Many activists think, "If one argument for vegetarianism is good, then ten are better, and 100 are even better!"
But this is actually the opposite of how human psychology works. An argument for significant change isn't strengthened by volume. Rather, any case for change is a chain – only as strong as its weakest link. Every additional argument offered to a non-vegetarian both dilutes and distracts from the strongest argument for making compassionate choices.
So instead of being left with the concrete, indisputable connection to cruelty, the case presented by many activists leaves meat-eaters thinking, "Yeah, maybe I should get a chicken sandwich instead of that burger;" "What I eat isn't really going to affect someone starving in Africa;" "What I eat isn't really going to affect global warming;" "This reminds me of that story explaining how chicken is so much more environmentally friendly than beef;" "Gawd, what a fanatic – like I'm gonna eat only unprocessed fruits and vegetables;" "They think animals are more important than people!"

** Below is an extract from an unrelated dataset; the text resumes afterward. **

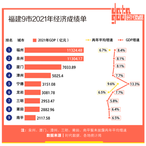 与此同时,福建省9座城市2021年经济成绩单也全部揭晓,经济总体呈现平稳增长态势,实现了“十四五”良好开局。其中,福州GDP二十多年来首次超越泉州,成为全省第一;宁德经济增速亮眼,GDP同比增长13.3%,两年平均增长9.6%,领跑全省。
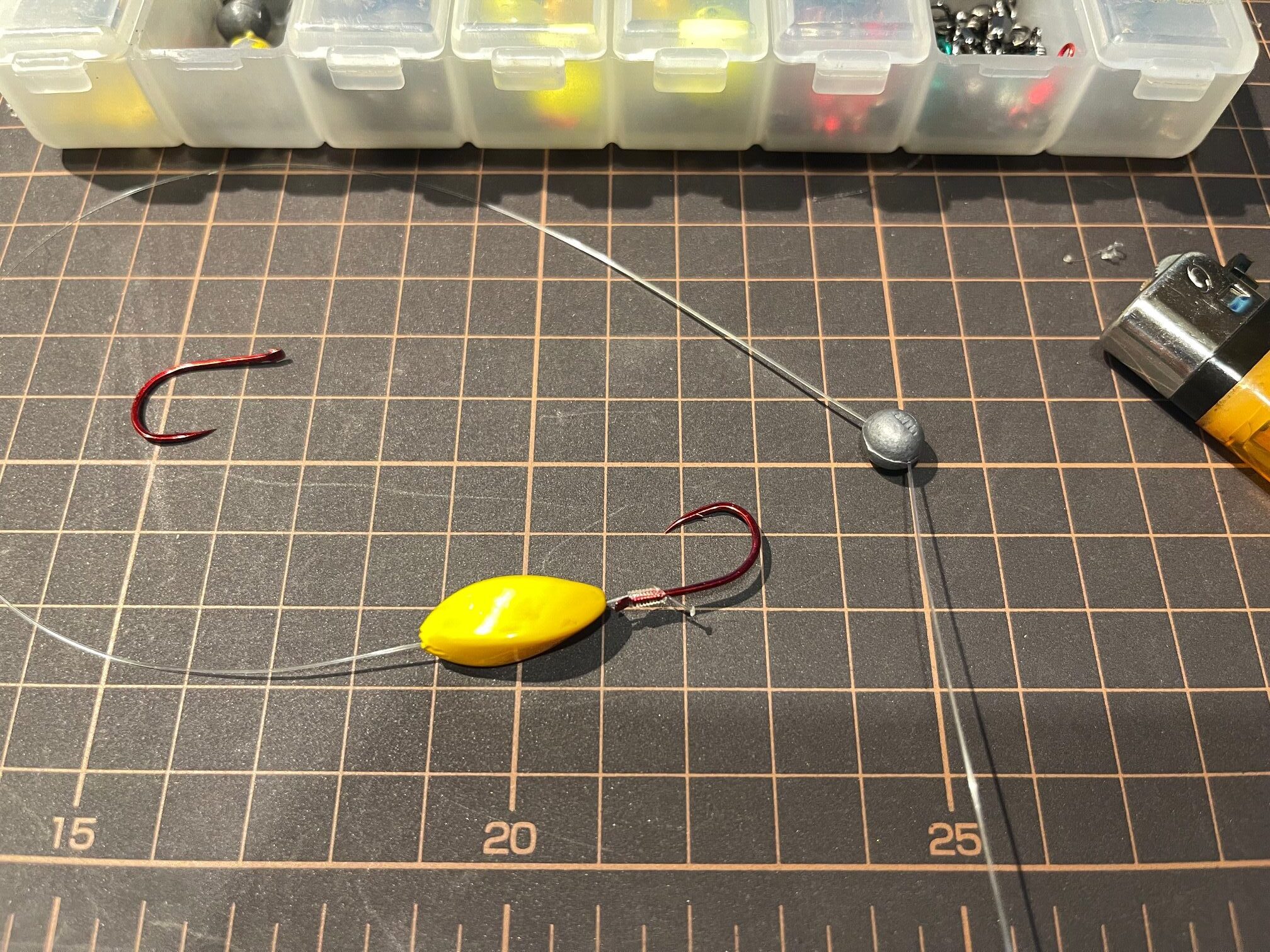 黄色い自作ビーズ付けて仕掛1個出来上がり。

I realize that it can be hard to be vegan in this society. For example, I recently heard one woman's story of being harassed at work by people deliberately eating meat right in front of her, sending crude anti-animal emails to her workgroup, etc. So I understand the desire to defend our personal veganism with an endless litany of arguments, so as to "win an argument with a meat-eater."
But again, defending ourselves / winning an argument is actually the opposite of how best to create real change for the animals in today's society. Any time we offer an argument that can be debated (caloric conversion ratios, water usage, mortality / disease rates, relative carbon footprints, etc.), the animals lose.
Whenever I argue that we must stay focused on the indisputable bottom line of cruelty to animals, some folks reply: "But my Uncle Bubba doesn't care about animals! I have to appeal to his self interest! Suzy at Meetup said she went veg for health reasons, so it obviously works!"
It is hard to accept, but in the best case scenario, Uncle Bubba is irrelevant to our current work for the animals – he will be long, long dead before he could possibly become the impediment to a vegetarian society.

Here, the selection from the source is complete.